Function Calling Evaluation

This example demonstrates how to create comprehensive function calling evaluations using the Eval Protocol (EP) framework. The evaluation uses the exact_tool_match_reward function to assess whether models correctly call the right functions with the correct arguments in the expected format.

You can find the complete code for this example at test_pytest_function_calling.py.
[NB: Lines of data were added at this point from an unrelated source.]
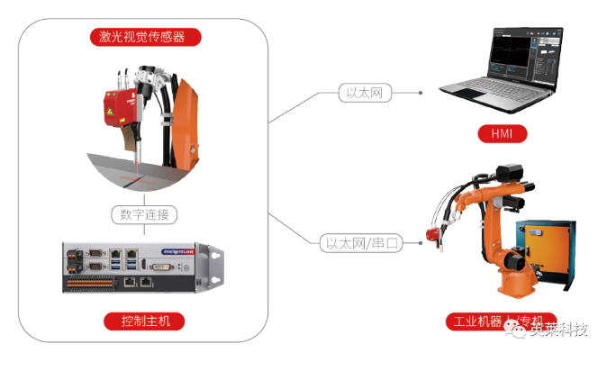 英萊激光視覺焊縫跟蹤系統(tǒng)由焊縫跟蹤傳感器及控制主機組成,傳感器負責焊縫信息的主動采集,控制主機負責焊縫信息的實時處理,并與工業(yè)機器人或焊接專機保持實時通訊,讓工業(yè)機器人或焊接專機實現(xiàn)焊縫尋位、焊縫實時跟蹤的功能,識別焊縫偏移矯正焊接軌跡,實現(xiàn)真正的智能化焊接。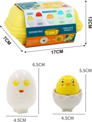 Fiecare ou este format din două părți: coaja superioară și coaja inferioară unite printr-o figurină de pui. Copiii trebuie să se concentreze nu doar să potrivească coaja corectă, dar și să o plaseze în locația corespunzătoare pe suport. Fiecare ou are un design geometric unic pe partea inferioară, care se potrivește într-un anumit orificiu al cutiei. Fețele amuzante sunt o modalitate excelentă de a învăța copiii să recunoască și să numească emoțiile.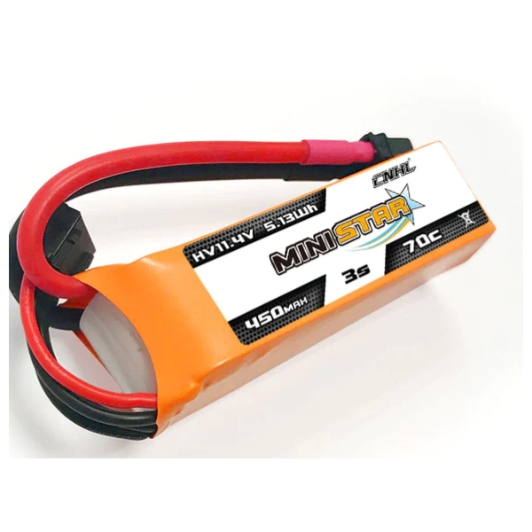 CNHL 3S lipo battery 11.4V 450mAh with 70C discharge rate offers you very high power and very long run time lipo battery for FPV, DRONE, BABYHAWK, tiny hawk, Drone Kit, RTF. They are widely fit Multi-Rotor FPV from Size(1-5mm difference) 90 to 180 Torrent 110 Lizard 95 Warbirds Eflite Blade Brushless Micro Drone FPV Racing Drone.
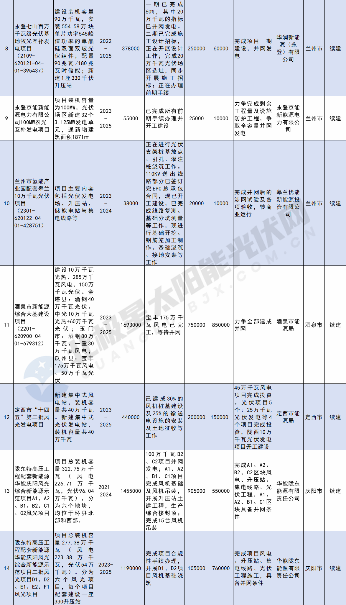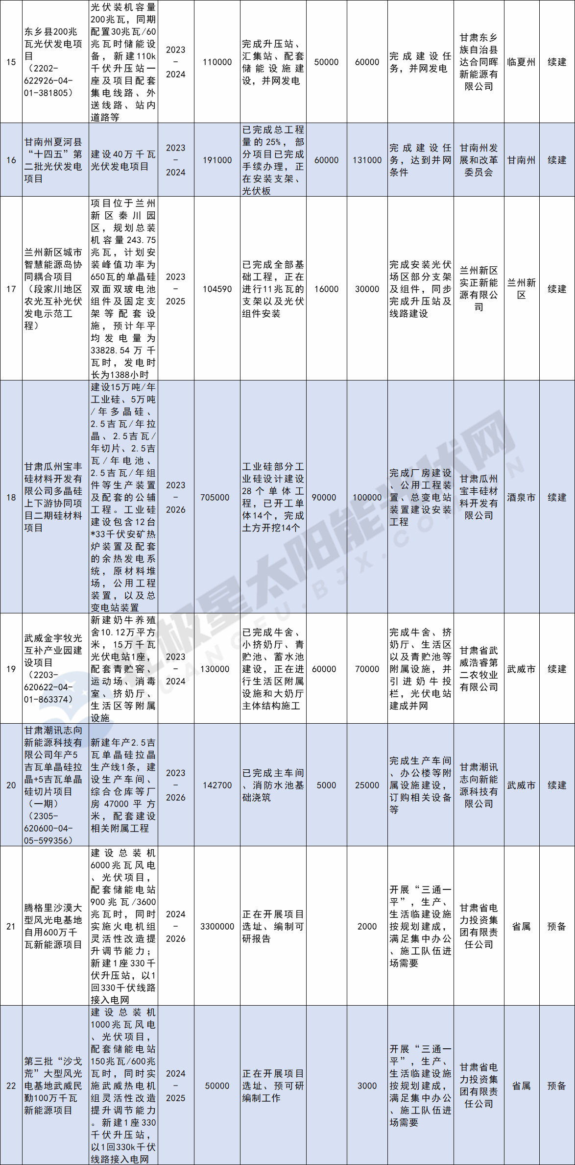 2023年12月22日,甘肅省發改委發布關于征求《甘肅省2024年省列重大建設項目投資計劃(草案)》意見的函,經梳理統計,共涉及11個光伏項目,總投資額達1232.329億元。項目詳情如下: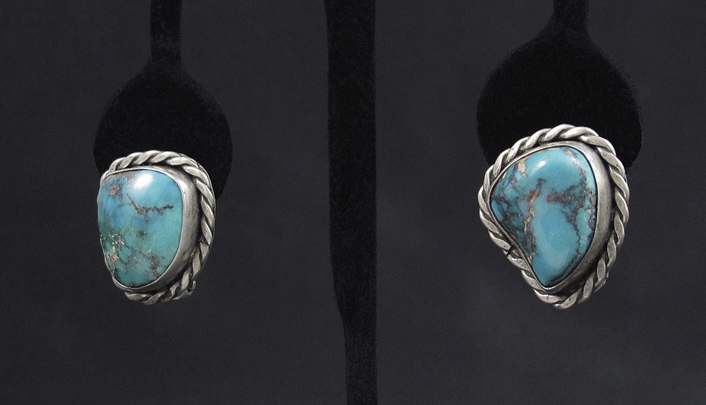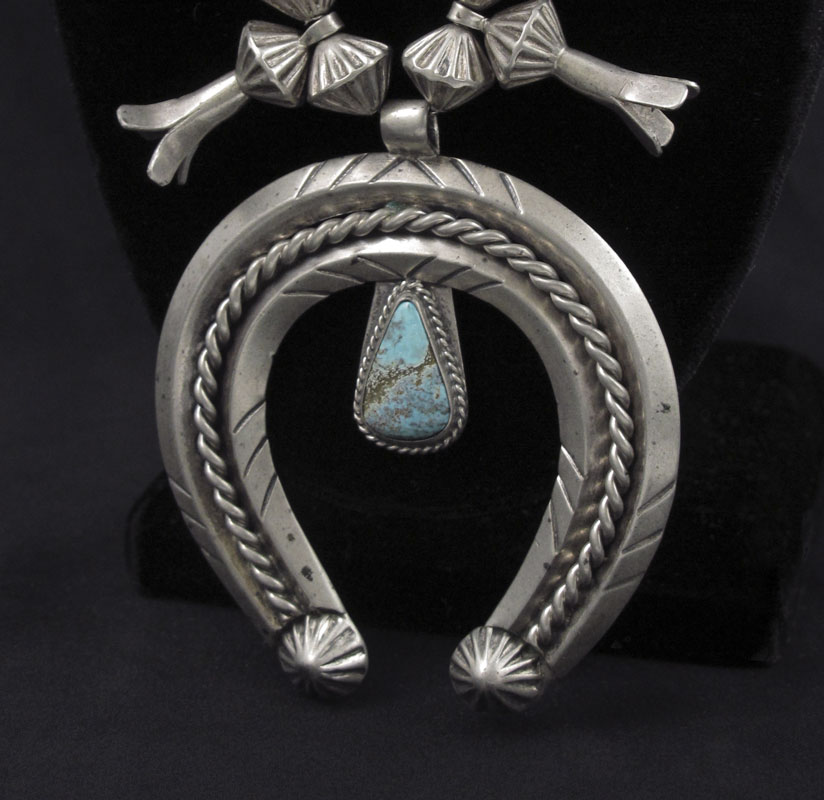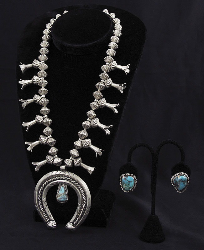 SQUASH BLOSSOM NECKLACE AND TURQUOISE EARRINGS: Traditional squash blossom necklace with 12 blossoms and a 3'' x 2 3/4'' naja set with a single turquoise tear drop, unmarked as to maker. Sold with a pair of sterling clip earrings set with turquoise.

Understanding Function Calling Evaluation

Function calling evaluation assesses a model’s ability to:

Identify when to use tools: Determine if a user query requires function execution
Select the correct function: Choose the appropriate tool from available options
Provide accurate arguments: Pass the right parameters with correct values
Follow proper formatting: Use the expected tool call structure

Unlike text-based evaluations that focus on content generation, function calling evaluations test a model’s tool selection and parameterization capabilities - critical skills for AI agents that interact with external systems.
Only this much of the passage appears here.